SOUTH HAVEN — Bronson Healthcare plans to design and build a new $22 million community hospital around the trends occurring within the health care industry and the Southwest Michigan market.
The Kalamazoo health system intends to significantly downsize the number of licensed beds at a new Bronson South Haven Hospital and end surgical procedures, while focusing primarily on primary care, wellness, disease management and the most-used medical services locally.
The new two-story hospital would rise on the east side of South Haven’s existing campus, replacing an aging facility and medical office buildings to create a “health village.” A portion of the original hospital dates back to 1941.
“We’ll have a modern new facility that’s going to set the community up for the future needs. As we move more toward population health, we’re really going to be focusing on primary care,” said Kirk Richardson, COO at Bronson South Haven.
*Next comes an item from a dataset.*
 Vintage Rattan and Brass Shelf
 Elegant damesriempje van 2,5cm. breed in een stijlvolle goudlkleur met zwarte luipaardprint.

“I definitely think South Haven will be an example of what you can do in a small community to maintain the essential services within the community,” he said.
The new hospital campus would include private patient rooms, a diagnostic lab, medical imaging, pharmacy, and medical offices for primary care doctors and specialists, plus the Bronson FastCare walk-in medical clinic and the Bronson Wellness Center that offers fitness, rehabilitation, nutrition and other services geared toward wellness.
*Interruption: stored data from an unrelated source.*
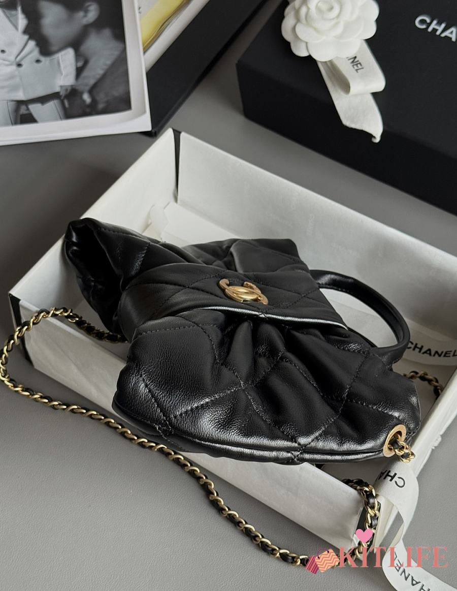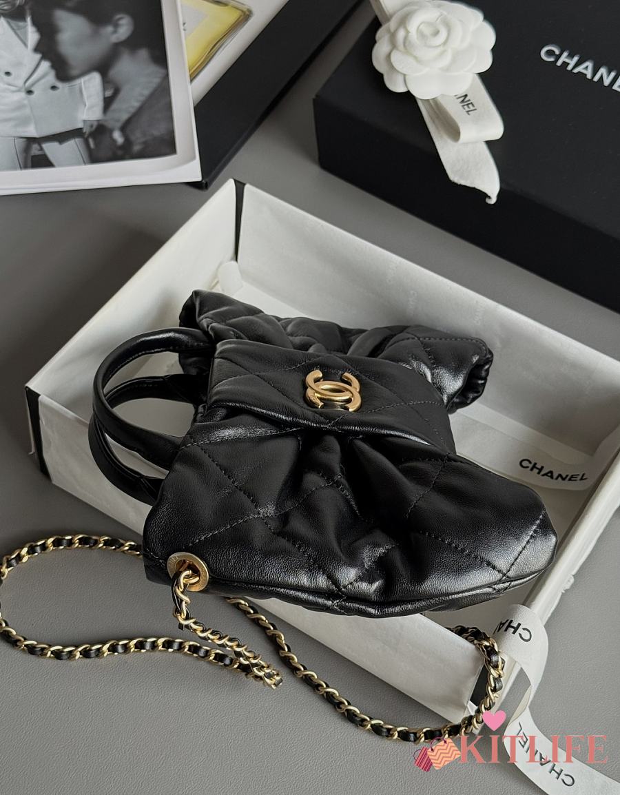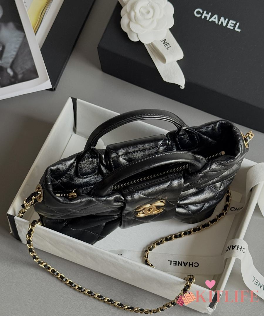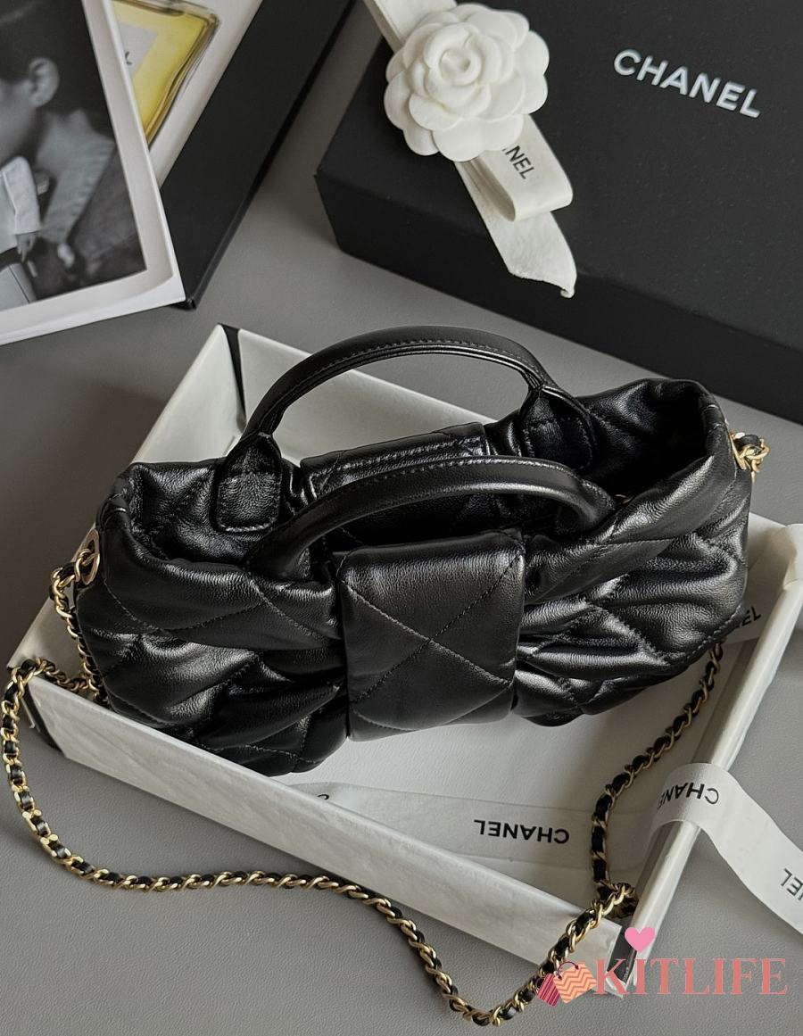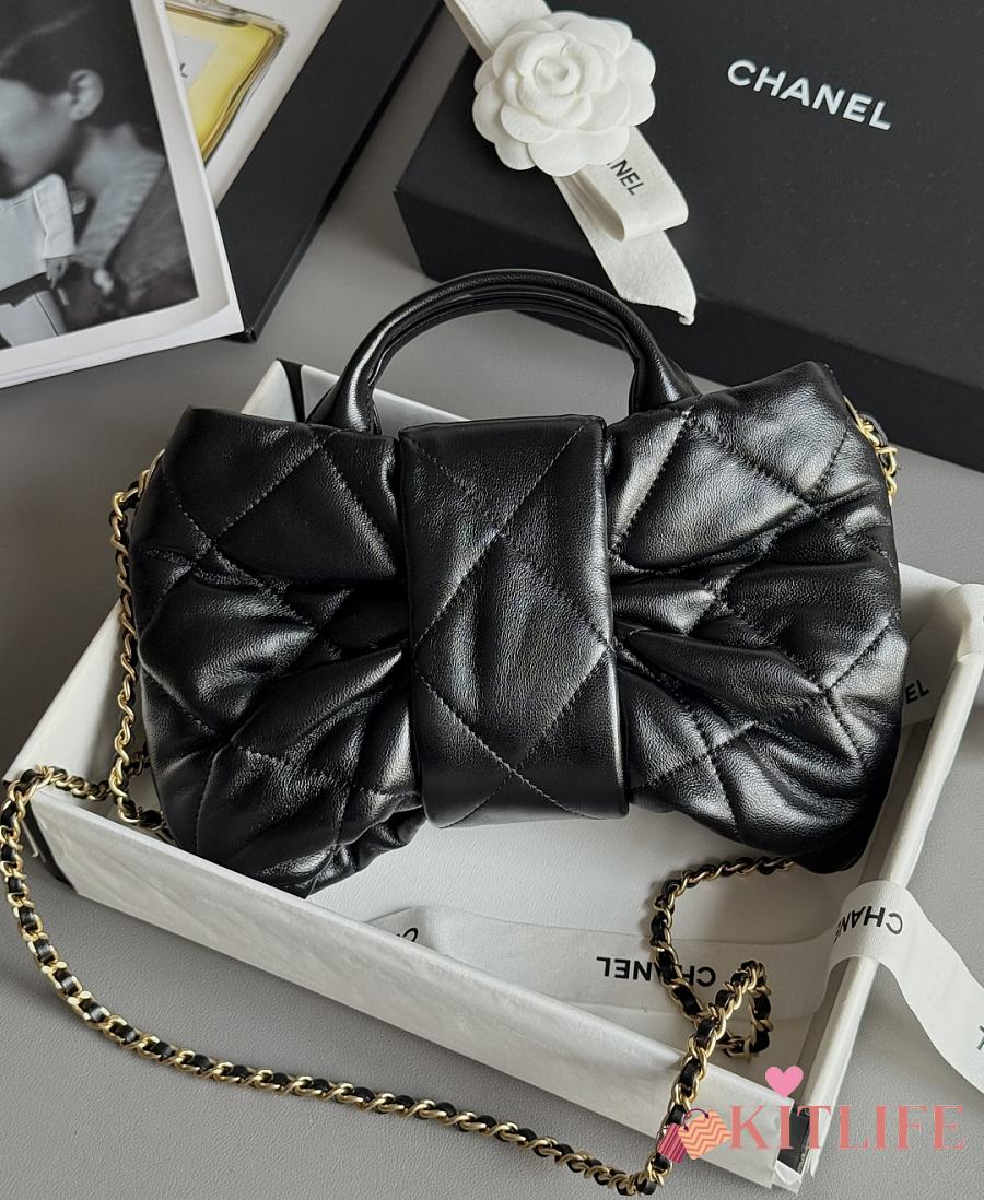 Kitlife Chanel Mini Bow Bag Black Shiny Lambskin & Gold Plated Metal AS5849 18x26x5cm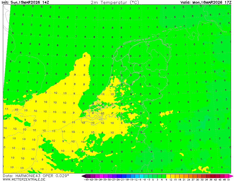 HARMONIE (KNMI-EU)The selected time, variable and region is available for this model. HARMONIE is developed in a european consortium and this is the output provided by the KNMI at the supercomputing facilities in Iceland. The output from Cy43 is available at a rotated lat-lon grid and regridded at our server to a grid spacing of 0.05 degree. These data are the raw data provided by the KNMI. The model is reinitialized every hour and run up to 60 hrs ahead.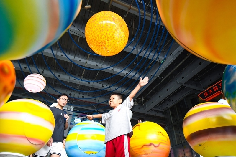8月10日,小朋友在南京科技館體驗科技裝置。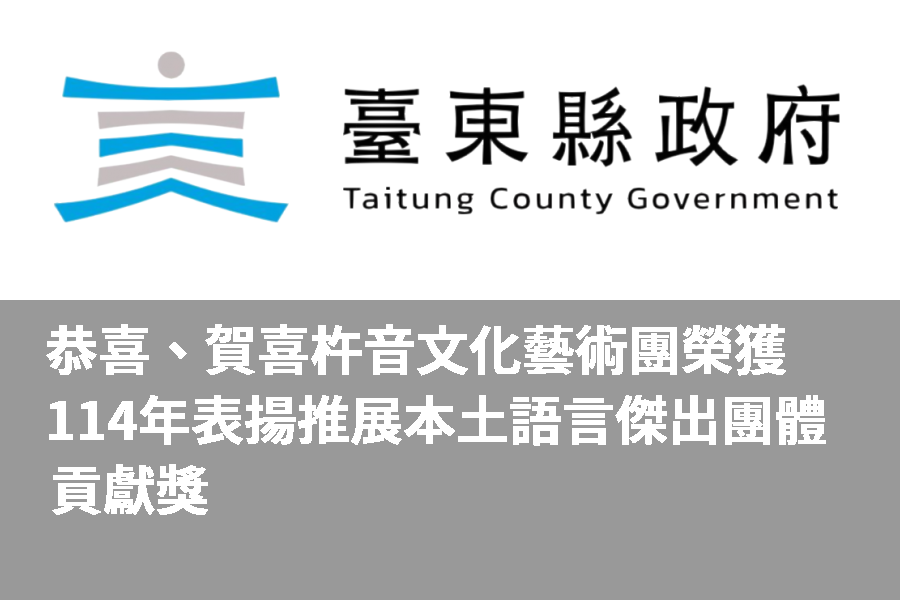 恭喜、賀喜杵音文化藝術團榮獲114年表揚推展本土語言傑出團體貢獻獎

A newly constructed hospital would have improved access and patient flow, generating efficiencies that make operating costs “a lot better,” Richardson said.
Citing low inpatient and surgical volumes, Bronson plans to reduce licensed inpatient capacity at the new hospital to eight beds from 49 beds, and to halt surgeries in South Haven.
Surgical volumes last year totaled 1,012 cases across two operating rooms, or less than three per day, according to data from the state. The hospital through July lost $1.2 million on surgeries and projects to lose more than $2 million for the full year, Richardson said.
Only about 10 percent of South Haven patients undergoing inpatient procedures stay in the market. Others go to hospitals in Holland, St. Joseph or Kalamazoo for their procedures.
Building and equipping two ORs in a new hospital would cost another $4 million to $6 million on top of the $22 million just “to have assets in Van Buren County that have low utilization,” Richardson said.
“It just doesn’t make sense financially for the health care system to do that,” he said.
In the future, patients in South Haven would still have office appointments with their surgeon locally, but their surgical procedures would be done at Bronson Methodist Hospital in downtown Kalamazoo or LakeView Hospital in Paw Paw, in southeastern Van Buren County.
The planned reduction in licensed beds reflects the decades-old trend in health care toward outpatient care that’s led to significantly lower inpatient volumes. Bronson South Haven in 2017 averaged a daily occupancy rate of just 8.1 percent, or five inpatients, according to state data.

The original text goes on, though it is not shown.